2 minute read
IFFR REVIEW DAILY BIRDLAND
VERDICT: Revolution is coming in this intricate, densely layered vision of the burning of a forest and the girl who harnesses the technology of dissent.
Carmen Gray, January 26, 2023
Advertisement
A fire blazes through the forest and lights up the night sky around El Mansouria, the homestead near Tangier of the wealthy Bechtani clan. It’s not initially clear who set it, but the family suspects that it is the work of Bab Al Sama, an unscrupulous real estate developer intent on turning the land into a profitable construction zone, despite the ecological consequences. Birdland, screening in the Tiger Competition at Rotterdam, is the second feature-length fiction film of Moroccan director Leila Kilani, who more than a decade ago made Sur la Planche (2011), about women in Tangier factories trying to supplement their meagre incomes, and has made a number of documentaries about poverty, state violence and dissidence. Her latest film is an intricately woven vision of collapse and regeneration that blends the politically trenchant with the poetic and mystical. The spite and intrigue of family dynasty melodrama is a suspenseful hook, and is elevated by a wider cosmic perspective of esoteric connections, significances and signs, and the unstoppable forces of social revolution.

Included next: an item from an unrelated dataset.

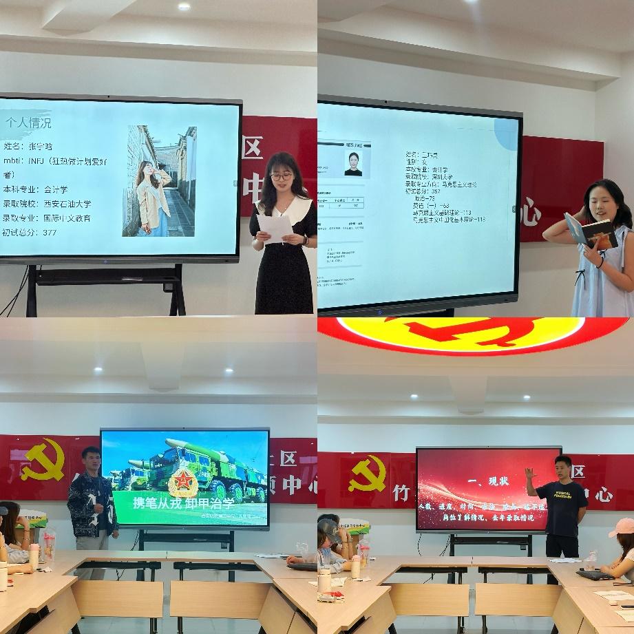 为帮助学生更好地规划未来,提升考研和考公竞争力,发挥学生党员和入党积极分子在学风建设中的先锋模范作用,5月11日,经济与管理学院学生第三党支部在竹苑“一站式”学生社区举办考研考公经验分享会。支部30名入党积极分子参与活动,活动由支部书记耿露主持。

We see this enchanting and cursed world through the spectacled eyes (and the live-streamed footage she shoots on her phone, when it takes over the frame) of the youngest Bechtani, Lina (Ifham Mathet). She is rebellious like her father Anis (Mustafa Shimdat). He has blocked the family’s attempt to sell the estate, resorting to North African “habous” law, according to which he can stipulate his share must be put to good social use through a charitable foundation. He does not want to see the land taken from the slum-dwellers down the hill, or from the birds, who share just as much right to remain there as anyone. The impoverished locals have lived there for forty years, but do not possess ownership papers and the targeting of their very existence for erasure by corporate greed may be the final straw before they rise up.